The report issued by the Sehat Card Plus programme revealed that 552,266 KP residents between the ages of 31 and 50 had used cashless healthcare since 2015, followed by 500,506 between the ages of 11 and 30 and 450,681 between the ages of 51 and 70. In addition, 149,629 people over the age of 71 and 121,951 children under the age of ten benefited from the PTI government’s flagship micro-health Insurance initiative. 


In 2015, the project was introduced in four districts with the collaboration of the German bank KfW, covering 3% of the province’s population. It will be extended to 51% of the population next year, 69% in 2017, and the entire province in 2020. According to the report, the programme now covers all 9.7 million families in the province, including both settled and recently merged tribal districts. 


According to officials, those who qualify can receive free health services worth up to Rs1 million per year. The KP model of the Sehat Card has been started in Balochistan, Punjab, parts of Sindh, Azad Jammu and Kashmir, and Gilgit-Baltistan. 
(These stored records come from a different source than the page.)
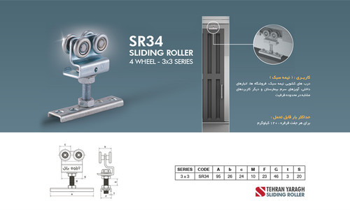 قرقره کشویی سری 4 سبک / 2 چرخ برند تهران یراق ( Tehran Yaragh)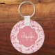 Fügen Sie Ihrem persönlichen Stil eine feminine Touch mit diesem modernen, hellrosa blumengeschmückten Schlüsselanhänger mit einem gürlich gerahmten Monogramm hinzu. Jedes Mädchen würde Liebe haben, ihren Namen und ihre Initialen auf diesem hübschen in rosa Blume Design personalisiert zu haben.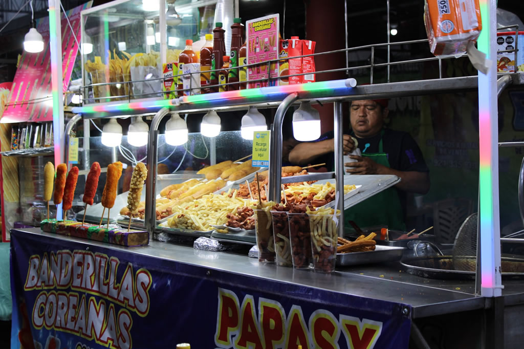 Para quienes buscan algo más sustancioso, la oferta no decepciona: tacos, pizzas, empanadas, tlayudas, salbutes, hamburguesas, hot dogs, alitas, boneless y gorditas de nata forman parte del festín que se puede acompañar con aguas frescas de distintos sabores y hasta el tradicional popo.

The report added that private hospitals still receive the lion’s share of the program’s patient care funding. A total of 1,100 hospitals have been appointed for the initiative all across the country, with the majority of them being private. 


Moreover, of the total Rs48.271 billion that the government spent on the Sehat Card programme, Rs34.196 billion went to private hospitals and Rs14.075 billion to public hospitals, for a 71:29 split. While the income of public hospitals from the programme increased slightly, with their share increasing to 13% from 2016 to 2020, 27% in 2021, 30% in the fiscal year 2022, and 36% by December 2022.